I’d start simple and build up from that => start with just the two following files and nothing more:
guild.yml:

train:
  main: classification.train

classification/train.py:

print("hello world")

now guild ops should show you the train operation and guild run train should succeed.
And if this works then you can work towards finding the issue you have :slight_smile:

Thanks @MatejNikl , both the guild.yml and error message are as I described above:

> cat guild.yml
train:
  main: classification.train
> guild run train
You are about to run train
Continue? (Y/n)
WARNING: Skipping potential source code file /Users/fspaolo/dev/sentinel-1-ee/classification/detections_test.csv because it's too big. To control which files are copied, define 'sourcecode' for the operation in a Guild file.
WARNING: Found more than 100 source code files but will only copy 100 as a safety measure. To control which files are copied, define 'sourcecode' for the operation in a Guild file.
guild: No module named classification.train

Maybe due to the 100 sourcecode limit my modules are not being copied (which it wouldn’t make sense as the module is being specified in guild.yml… it should be the priority code to copy)?

You have to specify the sourcecode.

train:
  sourcecode:
    - '*.py'

I did figure that out actually (which seems counter intuitive as I am telling guild the path to my python code/module… so all python scripts in there should be “sourcecode” by default, no?).

Then I ran into another problem. My code is calling a git command at execution. But guild is running the code from another (temporary) folder, which is not a git repository… so I get an error: “the current directory is not a git repo”… I then change my code and disable the git command… and get another error: PathNotFoundError: nothing found at path ''. Is this because the path to the data is relative and the code is being ran from a different directory? If so, many things will break obviously. Do I have to figure out what breaks myself and come up with a workaround?

I am not doing anything out of the ordinary here. My project structure is standard, using modules, relative imports, argparse and git. So how do I run this

python -m classification.train \
    --model-name model \
    --train-data path/to/train/data \
    --cycles 3 \
    --no-require-clean

with guild (without significant code changes)?

Thanks.

You have to specify your data as a guild resource.

What is your use case for your git command?

EDIT: To debug your guild run folder try ‘guild ls’ to show what is being placed in the runs folder.

From Guild Docs – Runs:

Runs serve as a unit of reproducibility .

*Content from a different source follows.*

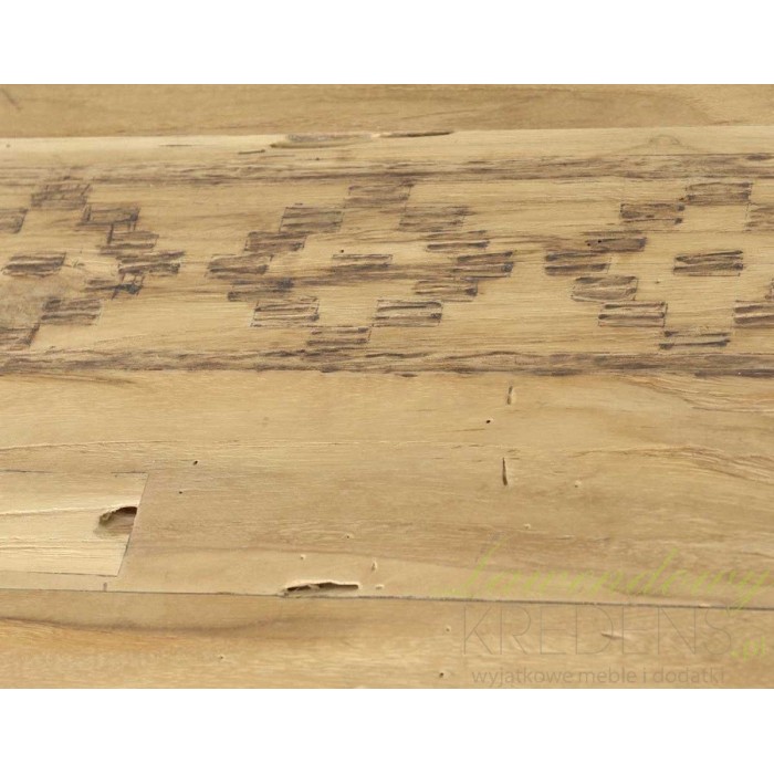 Meble w stylu rustykalnym, sprawią, że Twoje wnętrze stanie się naturalne i klimatyczne. Taboret rustykalny ma ciekawie zdobione siedzisko, na którym naniesiono wzór w romby. Efektownie prezentują się także jego nogi, które łącza u dołu dwie skrzyżowane ze sobą mini belki. Stołek wykonano w całości z drewna z recyklingu.

For that reason each time you do guild run it copies your code under a run directory made specifically for that run before guild runs the code.
Gulid does this for example so that you have a snapshot of the adhoc code that resulted e.g. in some nice results and you can actually go back to this code and see what you did there.

This run directory becomes the working directory your script will resolve all relative paths to. And since you haven’t told guild to also copy there the train data and the path you specified is relative, the train data are simply not there.

You can either specify the train data as an absolute path just to try if that works. But I would suggest to include your train data in the guild ecosystem somehow as well. At least as a project file dependency or probably rather as a run file dependency as your train data perhaps are result as some prepare-train-data operation, aren’t they?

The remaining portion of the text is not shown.